SUPPLIED INFORMATION:
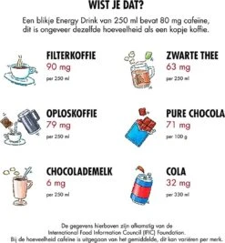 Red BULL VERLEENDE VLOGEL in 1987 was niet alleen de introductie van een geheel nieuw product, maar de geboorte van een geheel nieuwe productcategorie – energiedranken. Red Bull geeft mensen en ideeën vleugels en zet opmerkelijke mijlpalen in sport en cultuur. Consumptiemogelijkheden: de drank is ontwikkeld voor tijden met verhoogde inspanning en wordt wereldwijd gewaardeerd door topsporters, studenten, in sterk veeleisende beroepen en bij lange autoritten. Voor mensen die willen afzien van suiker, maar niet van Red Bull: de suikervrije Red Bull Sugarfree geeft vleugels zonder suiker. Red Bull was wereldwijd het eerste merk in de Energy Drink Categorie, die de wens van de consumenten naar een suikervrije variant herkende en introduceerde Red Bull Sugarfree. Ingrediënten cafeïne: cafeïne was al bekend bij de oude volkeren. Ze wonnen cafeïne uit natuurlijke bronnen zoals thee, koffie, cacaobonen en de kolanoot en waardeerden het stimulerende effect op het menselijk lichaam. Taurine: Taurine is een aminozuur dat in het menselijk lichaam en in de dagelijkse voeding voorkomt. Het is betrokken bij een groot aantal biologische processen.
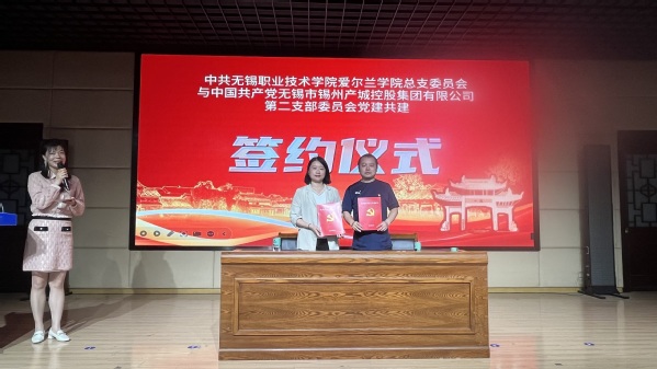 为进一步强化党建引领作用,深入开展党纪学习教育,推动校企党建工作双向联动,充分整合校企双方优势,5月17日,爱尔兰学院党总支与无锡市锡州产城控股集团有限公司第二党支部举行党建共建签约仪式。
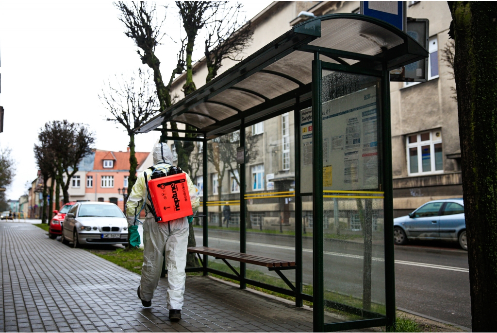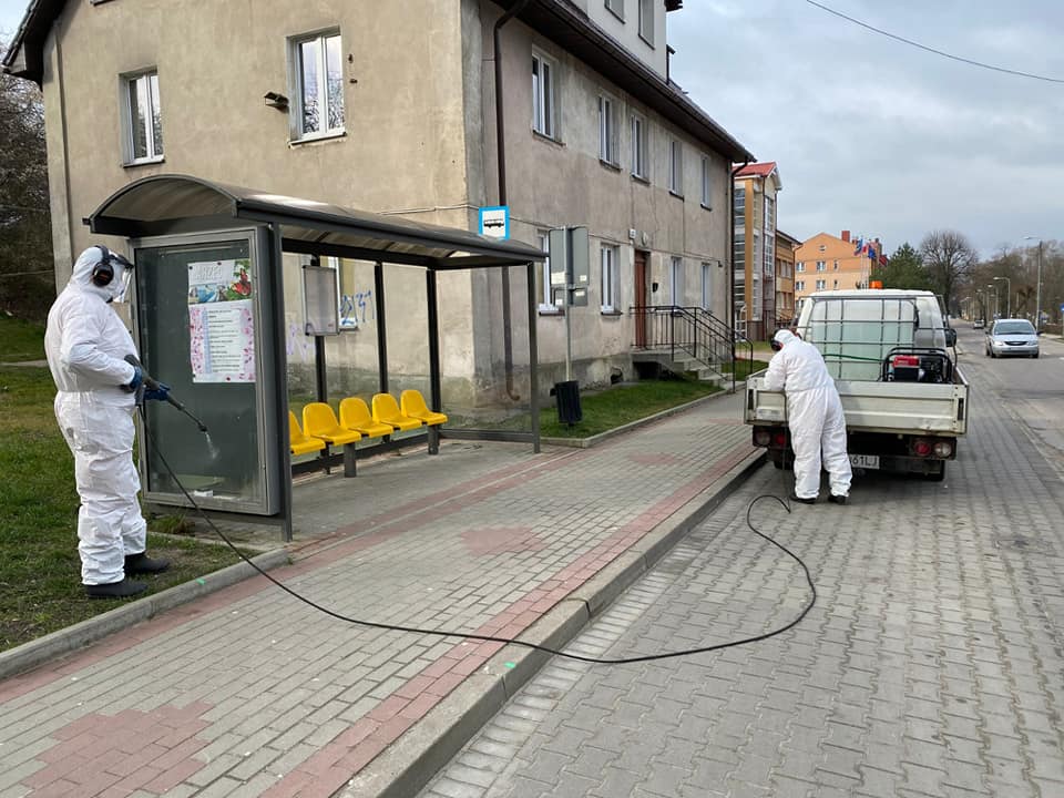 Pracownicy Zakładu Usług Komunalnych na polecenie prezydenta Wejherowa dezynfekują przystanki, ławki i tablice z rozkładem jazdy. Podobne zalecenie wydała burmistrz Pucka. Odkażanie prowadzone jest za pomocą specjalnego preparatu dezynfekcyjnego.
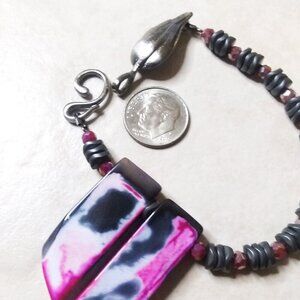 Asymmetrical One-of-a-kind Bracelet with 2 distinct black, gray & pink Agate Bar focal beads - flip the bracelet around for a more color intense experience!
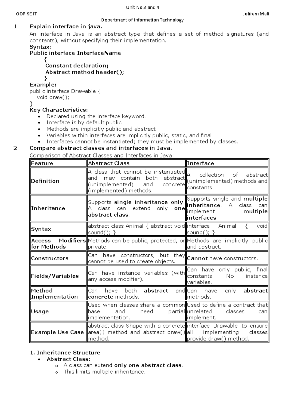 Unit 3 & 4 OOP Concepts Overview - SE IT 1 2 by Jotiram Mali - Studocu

PROBLEM REQUIREMENTS: Only the lines from the one that holds "Asymmetrical One-of-a-kind Bracelet" through the end of the records above should be printed again, exactly as they are. Leave out the pictures.

WRITTEN ANSWER:
 Asymmetrical One-of-a-kind Bracelet with 2 distinct black, gray & pink Agate Bar focal beads - flip the bracelet around for a more color intense experience!
 Unit 3 & 4 OOP Concepts Overview - SE IT 1 2 by Jotiram Mali - Studocu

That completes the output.